TEMPORAL JITTER ANALYZER AND ANALYZING TEMPORAL JITTER

patent description

The invention is a method to characterize the temporal variation, or “jitter,” of a single-photon detector’s response with high accuracy. The method addresses the need to characterize single-photon detectors whose jitter is in the few-picosecond range.

The method works as follows: a single-photon detector is stimulated by a weak (less than 1 photon per pulse) periodic pulsed optical source with constant mean optical power per pulse. The optical source is synchronous with a repetitive electrical signal. The repetitive electrical signal can be controllably delayed in time by small increments over a range of time that spans the region of interest in the detector’s output. In the method, a voltage change, or “edge,” in the repetitive electrical signal is compared, using high-speed, low-jitter electronics, to the detector’s output. This comparison is carried out with a “decision circuit” that determines whether the detector’s output occurred before or after the electrical edge. The decision circuit reports the result of each comparison by outputting one of two types of countable electrical pulses that represent whether the decision circuit decided that the detector’s output arrived either “before” or “after” the arrival of the electrical edge. These output pulses are counted and the sum for each delay setting is normalized to the amount of time that each delay setting is held. As the electrical edge is stepped, using the controllable delay, across the distribution of the detector’s temporal response, the normalized counts per unit time of the pulses from the decision circuit trace out shapes that as the detector’s output occurs, at first, always after, and eventually, always before delayed voltage change. These shapes represent a convolution of the detector’s jitter and the uncertainty and variation in the decision circuit/voltage change system.

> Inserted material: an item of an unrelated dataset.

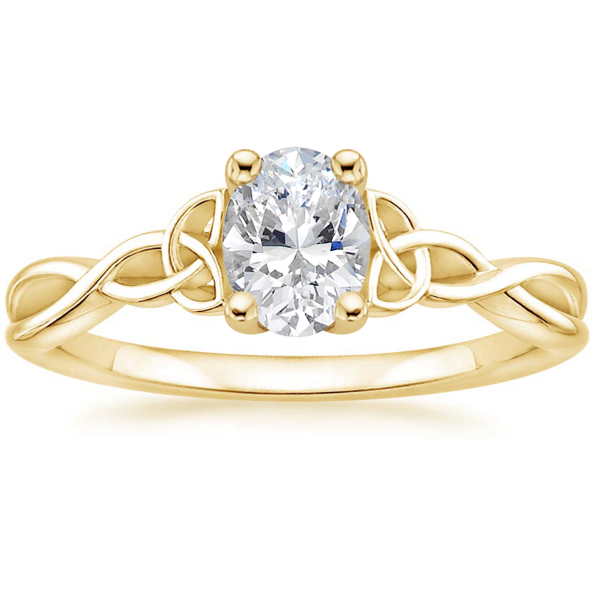 18K Yellow Gold Entwined Celtic Love Knot Ring with Celtic Knot Diamond Ring with 0.5 Carat Oval Diamond

The main features of this method are that the uncertainty and variation in the decision circuit and voltage change can be low, well below 1 picosecond, the step size in the controllable delay can be small (in the femtosecond range), and the dwell time at each delay setting can be long (10s of seconds).

This method can only be used with repetitive signals; it is based on the notion that there is a large ensemble of events that are distributed in time. The method is a means to characterize that distribution. Other limitations of this method are related to stably maintaining, for each delay setting, the timing between the electrical edge and the detector’s optical stimulus. Variations of this type can be induced on a relevant scale (in the femtosecond range) by temperature changes in the circuitry, as well as other sources of instability.